● **Problem to work on**
What lines of the data hold the string "Fire"? Pull each one out.

Top of Information given

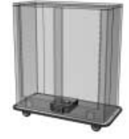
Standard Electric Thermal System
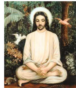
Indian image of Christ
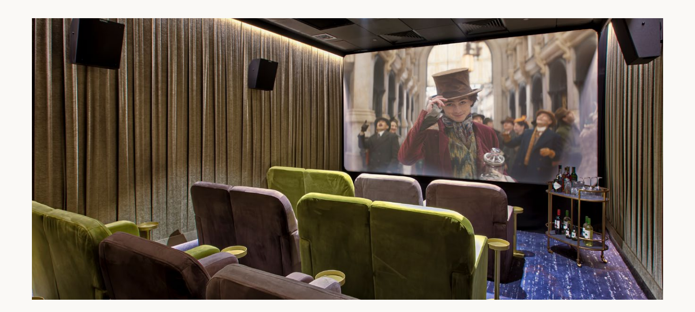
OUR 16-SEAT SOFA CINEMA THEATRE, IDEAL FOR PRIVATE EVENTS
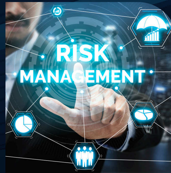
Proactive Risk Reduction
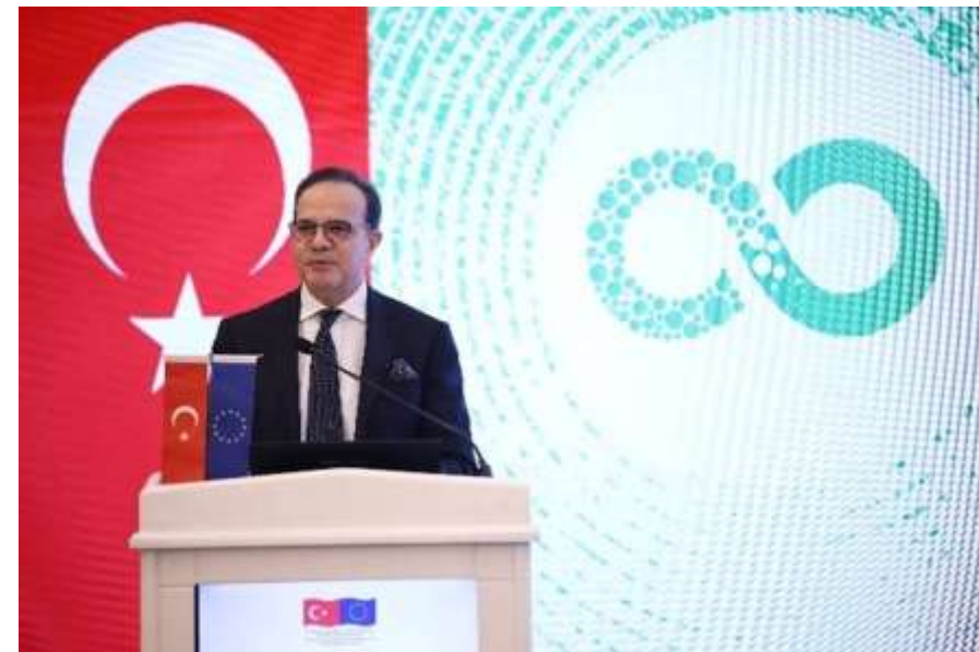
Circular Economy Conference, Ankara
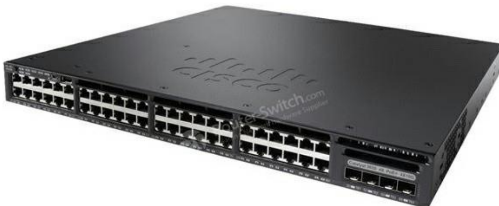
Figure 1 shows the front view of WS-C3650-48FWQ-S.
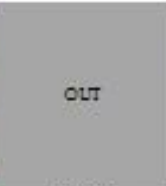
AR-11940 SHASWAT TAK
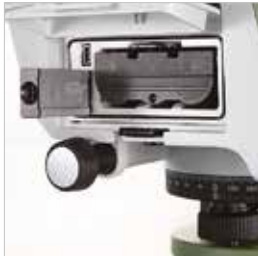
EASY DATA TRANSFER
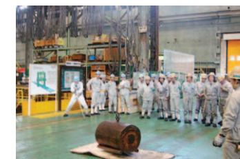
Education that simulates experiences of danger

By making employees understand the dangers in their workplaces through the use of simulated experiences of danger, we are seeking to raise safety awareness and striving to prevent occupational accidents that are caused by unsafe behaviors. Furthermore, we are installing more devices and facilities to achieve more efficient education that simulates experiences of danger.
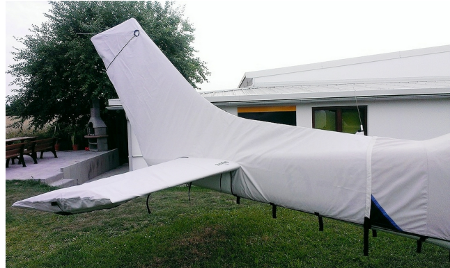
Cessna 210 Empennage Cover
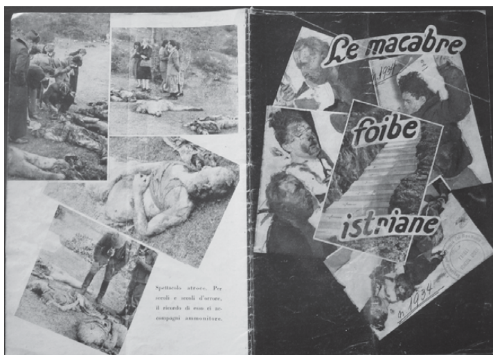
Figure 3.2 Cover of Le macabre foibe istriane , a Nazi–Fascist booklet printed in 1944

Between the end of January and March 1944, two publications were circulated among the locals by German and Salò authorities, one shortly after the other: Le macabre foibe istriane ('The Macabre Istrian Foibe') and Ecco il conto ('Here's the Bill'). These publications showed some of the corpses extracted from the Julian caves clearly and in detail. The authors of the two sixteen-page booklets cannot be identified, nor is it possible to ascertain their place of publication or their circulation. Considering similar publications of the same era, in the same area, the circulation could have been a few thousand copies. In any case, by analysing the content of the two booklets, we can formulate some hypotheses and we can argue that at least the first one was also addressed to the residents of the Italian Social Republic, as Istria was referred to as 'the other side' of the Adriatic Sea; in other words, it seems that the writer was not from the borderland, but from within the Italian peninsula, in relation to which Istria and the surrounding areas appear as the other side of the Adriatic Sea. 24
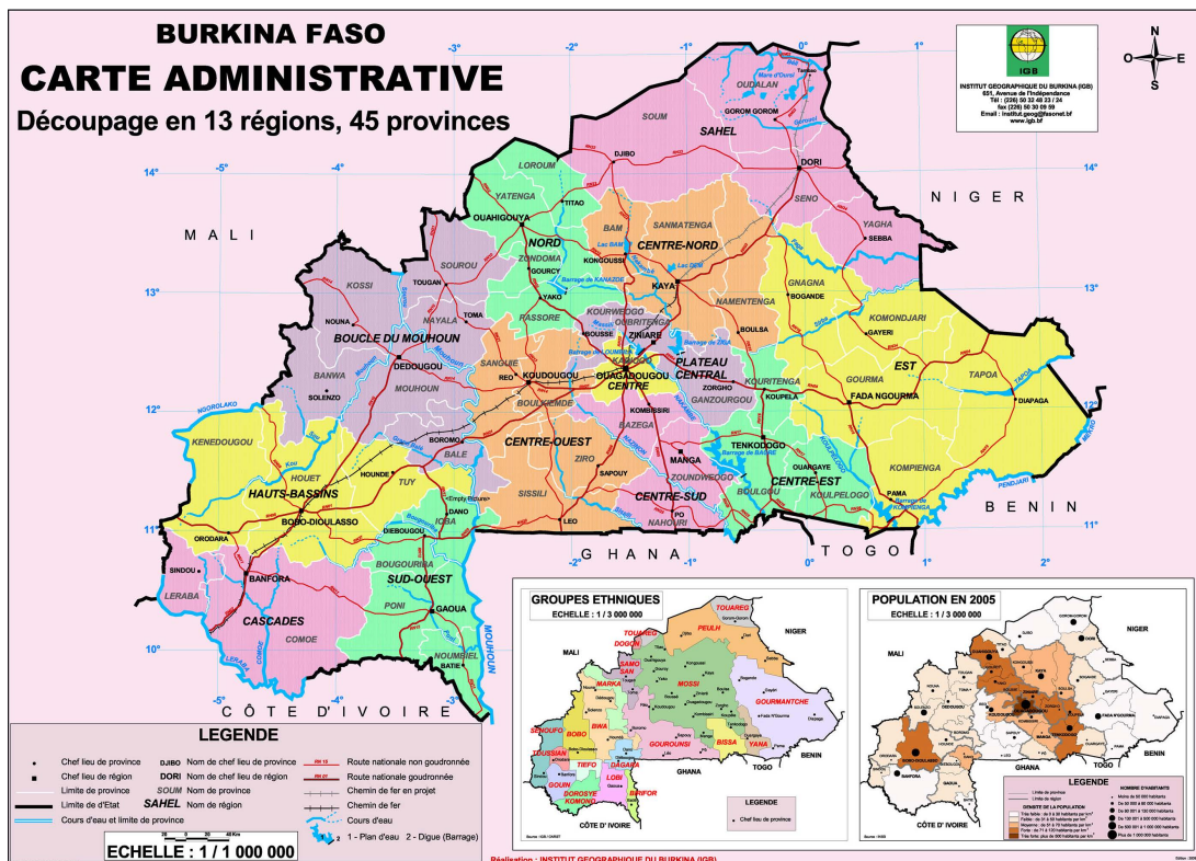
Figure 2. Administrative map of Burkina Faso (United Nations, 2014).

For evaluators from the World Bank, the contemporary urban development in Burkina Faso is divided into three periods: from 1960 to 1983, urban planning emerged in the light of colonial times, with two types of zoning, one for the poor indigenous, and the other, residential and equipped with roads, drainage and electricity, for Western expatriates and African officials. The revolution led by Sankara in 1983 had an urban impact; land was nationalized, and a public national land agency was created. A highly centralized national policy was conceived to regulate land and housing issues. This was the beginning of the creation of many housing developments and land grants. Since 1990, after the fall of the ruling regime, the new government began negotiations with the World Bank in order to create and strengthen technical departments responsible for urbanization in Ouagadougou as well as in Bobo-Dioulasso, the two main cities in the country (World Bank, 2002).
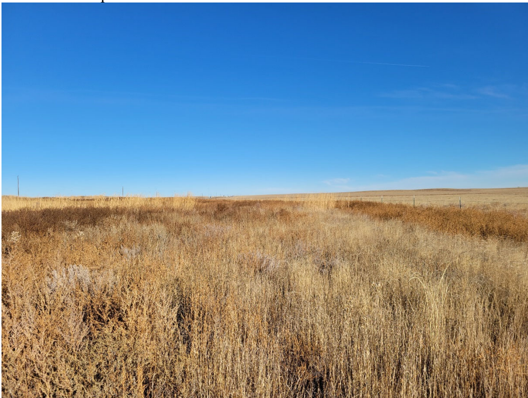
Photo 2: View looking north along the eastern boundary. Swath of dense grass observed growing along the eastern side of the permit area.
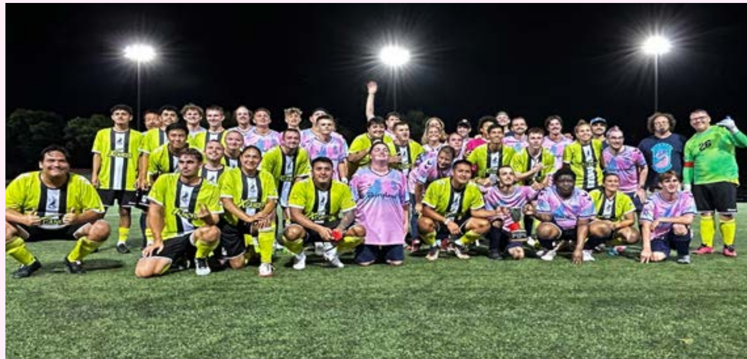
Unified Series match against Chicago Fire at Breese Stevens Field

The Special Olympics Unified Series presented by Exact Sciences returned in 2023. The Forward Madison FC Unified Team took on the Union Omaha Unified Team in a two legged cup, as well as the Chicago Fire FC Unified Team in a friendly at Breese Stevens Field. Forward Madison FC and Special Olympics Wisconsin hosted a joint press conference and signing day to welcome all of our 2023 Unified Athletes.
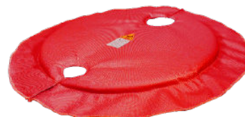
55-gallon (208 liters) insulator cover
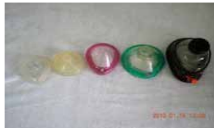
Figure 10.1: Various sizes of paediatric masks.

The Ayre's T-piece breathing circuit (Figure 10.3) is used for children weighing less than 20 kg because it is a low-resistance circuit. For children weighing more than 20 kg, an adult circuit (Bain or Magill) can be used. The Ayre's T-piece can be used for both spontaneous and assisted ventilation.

Bottom of Information given

● **Exercise response**
Unified Series match against Chicago Fire at Breese Stevens Field
The Special Olympics Unified Series presented by Exact Sciences returned in 2023. The Forward Madison FC Unified Team took on the Union Omaha Unified Team in a two legged cup, as well as the Chicago Fire FC Unified Team in a friendly at Breese Stevens Field. Forward Madison FC and Special Olympics Wisconsin hosted a joint press conference and signing day to welcome all of our 2023 Unified Athletes.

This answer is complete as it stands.